Days later, IndieWire broke a story in which multiple women levied accusations of sexual assault and harassment against Fantastic Fest co-founder Harry Knowles, spurring more criticism of festival organizers who allegedly knew about his behavior. League skipped Fantastic Fest that year and publicly apologized for rehiring Faraci, and again after the Knowles report. In 2020, Knowles said he was sorry in an online statement, but maintained his intent was not malicious.
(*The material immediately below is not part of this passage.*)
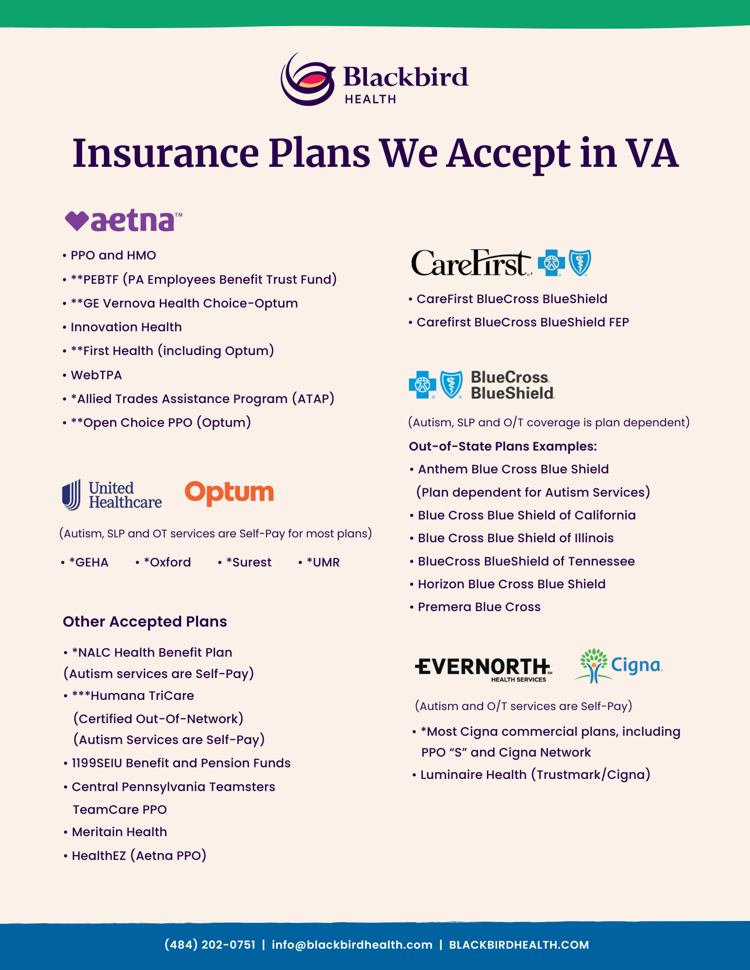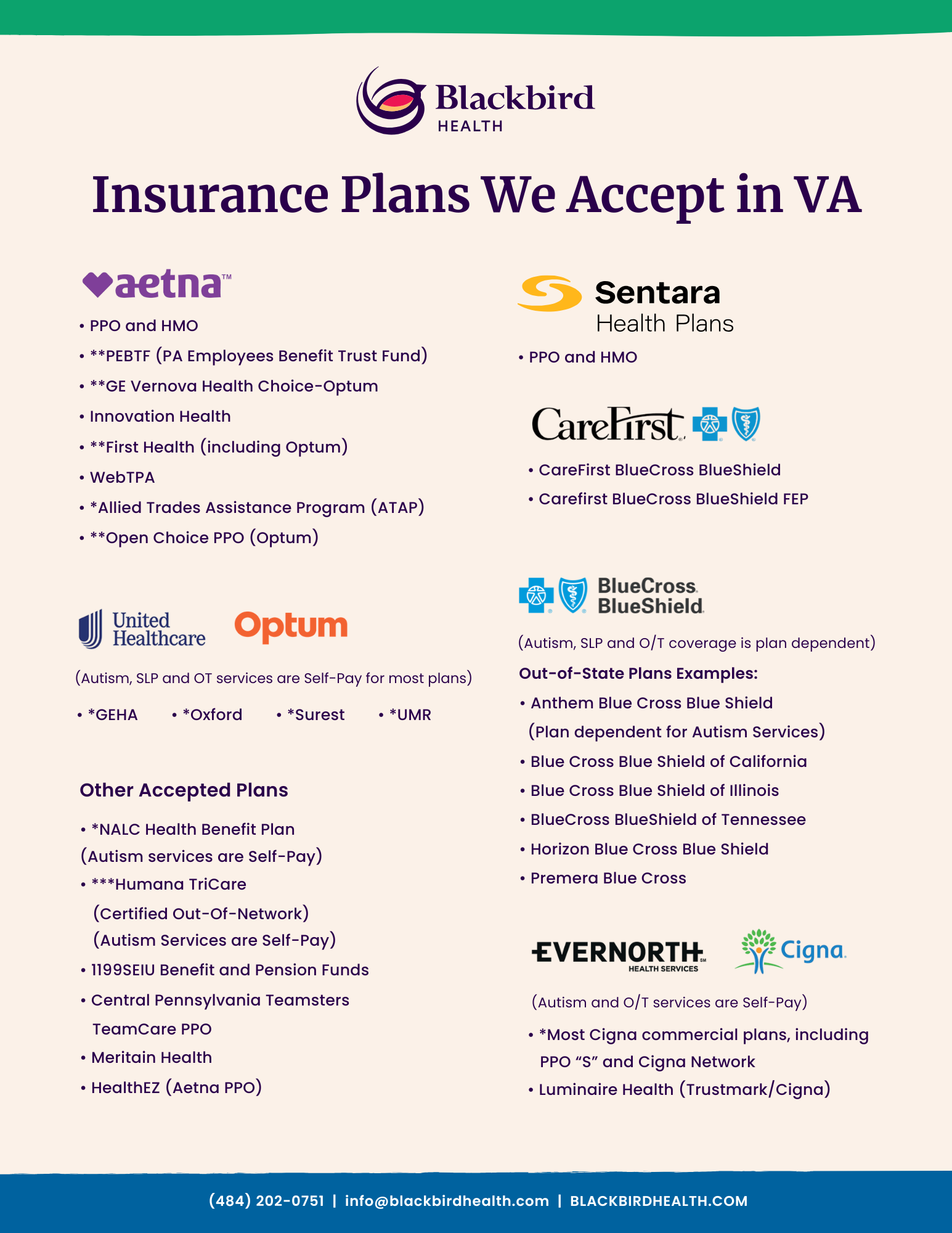 For a complete list of insurance we no accept in Pennsylvania or Virginia, download the pdf.

Festival director Lisa Dreyer took over in 2022, when Fantastic Fest returned from lockdown, and The Debates came back with it. Owen Egerton, a screenwriting professor at Emerson College who has emceed the tradition since it began in 2008, said he was surprised.
“When The Debates continued, it was actually a thrill,” said Egerton. “I was like, ‘Oh, we can keep this and do it wisely.’ Hopefully, that’s what we’ve been doing.
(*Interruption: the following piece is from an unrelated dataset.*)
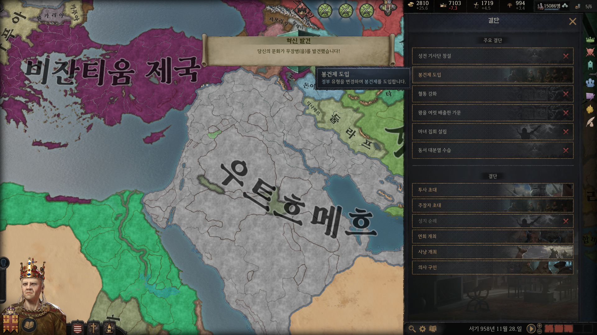 당연히 결단 창을 열어봐도 봉건제 도입은 아직 실행할 수 없죠.

“This festival has evolved,” said Dreyer. “It’s a safe space for people and a fun space for men and women. It doesn’t matter who you are; you can enjoy boxing and debating and fun.”
Still, the event’s sordid history remains top of mind. On the ground in 2024, guests could be heard agreeing: Fantastic Fest isn’t what it once was — and that’s a good thing.
Dreyer and her staff took a gamble with The Debates. Even in Texas, facilitating physical fights is bold – but for some Fantastic fans, that’s partly why the tradition is vital. (League and Dreyer were interviewed by IndieWire before we knew to ask about the 2018 match that resulted in a lawsuit. Neither responded to our requests for a follow-up.)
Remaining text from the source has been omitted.